# REIT's REIT's everywhere



## [email protected] (Apr 28, 2009)

I was just thinking....

in January 2011 Income Trusts are going to be taxed heavily...

Does anyone see a shift from traditional Trusts to REIT's which have managed to slip through the taxation loophole again?


----------



## takingprofits (Apr 13, 2009)

I for one am being more cautious about trusts having already been burned with one conversion. I still hold Crescent Point which has stated they intend on maintaining their current payout after conversion (which is underway). I also hod, Canadian Oil Sands. I do not hold any others currently and am avoiding business trusts (non oil).
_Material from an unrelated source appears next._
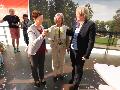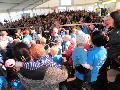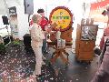 Roswitha Schulte betrat anschließend die Bühne, um den Fassbieranstich zu vollziehen. Da sie eine äußerst zierlich Person ist, bat sie den kräftigen Kreisbeigeordneten Michael Mahlert um Unterstützung, falls es ihr nicht gelingen sollte, den Zapfhahn mit dem Schlegel in das Fass zu treiben. Roswitha Schulte hatte wohl ihre Kräfte unterschätzt, denn unter dem Jubel der Gäste gelang es ihr, mit nur drei Schlägen den Zapfhahn zu versenken, ohne dass es eine Bierdusche gab. Die ersten drei Biere aus dem Fass in zünftigen Krügen stemmten dann die Damen Roswitha Schulte, Birgit Haas und Barbara Mertgen. Während das Freibier an die Gäste verteilt wurde, wurden sie weiter von Bruce Kapusta unterhalten.

I do have one Reit currently. Reits are more attractive to me for a long term hold as there is less uncertainty because they do not have to convert and am looking to add one more soon.


----------



## seven3 (Apr 4, 2009)

I've always been thinking that REITs are a good way to go; eliminates the headache of being a landlord and gets you decent diversification.
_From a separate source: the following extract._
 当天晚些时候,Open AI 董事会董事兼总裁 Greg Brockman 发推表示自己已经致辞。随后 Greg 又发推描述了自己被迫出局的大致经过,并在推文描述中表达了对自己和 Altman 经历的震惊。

Does anyone have an opinion on buying REITs vs. rental properties on your own?

How do you think / factor in the leverage of mortgages? Do you consider reits implicitly leveraged already?

Seems like the distributions these days (approx 8% or more) are within the CAP rates that real estate investors typically expect.

Thoughts?


----------



## Rickson9 (Apr 9, 2009)

My wife and I have avoided REITs since we do not believe in the benefits of diversification and are investing only for capital appreciation.
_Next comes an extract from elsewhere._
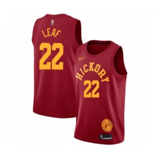 >Men's Indiana Pacers #22 T. J. Leaf Authentic Red Hardwood Classics Basketball Jersey

If we decide to invest in RE we would rather do it ourselves. We would have more control over the maintenance, revenue, debt-equity ratio, etc.


----------



## CanadianCapitalist (Mar 31, 2009)

seven3 said:


> I've always been thinking that REITs are a good way to go; eliminates the headache of being a landlord and gets you decent diversification.
> 
> Does anyone have an opinion on buying REITs vs. rental properties on your own?
> 
> ...


I've allocated 5% of portfolio to REITs and own REI.UN in our portfolios. We don't see ourselves as landlords at least for another 10 years, so REITs are perfect for us.

We've had a long discussion about REIT distributions in another thread. The gist of it is I'm wary of counting the entire ROC portion of REIT distributions as sustainable. I've written on the blog that I personally consider REITs to be attractive at these prices (of course, you can say that about just about everything else other than bonds).


----------



## jensencylin (Apr 4, 2009)

[email protected] said:


> I was just thinking....
> 
> *in January 2011 Income Trusts are going to be taxed heavily...*
> 
> Does anyone see a shift from traditional Trusts to REIT's which have managed to slip through the taxation loophole again?


Forgive me for being under a rock....but why?


----------



## FrugalTrader (Oct 13, 2008)

jensencylin said:


> Forgive me for being under a rock....but why?


Income trusts (besides REITs) will be forced to convert to a corporation. Since corporations pay their dividends with after tax dollars (whereas income trusts flow through their pre-tax income to shareholders), the distribution will most likely be cut significantly.


----------



## marscat (Apr 3, 2009)

[email protected] said:


> I was just thinking....
> 
> in January 2011 Income Trusts are going to be taxed heavily...
> 
> Does anyone see a shift from traditional Trusts to REIT's which have managed to slip through the taxation loophole again?



I thought a lot of the REITs were _*not*_ going to be exempt from these taxes with their existing structure? RioCan, for example, in their 2008 annual report outlines a plan to qualify for this exemption. What happens if they don't qualify? What changes will they have to make to qualify and how will that affect the distributions?

Or have I misunderstood this whole thing


----------



## furgy (Apr 20, 2009)

I am heavily invested in REIT's , even with the recent crisis and the resulting lower unit prices and distribution cuts , I am still getting a very good return while I wait for the economy to pick up.

I have been burned on real estate before , rentals can be a big headache as well as costly if things go bad.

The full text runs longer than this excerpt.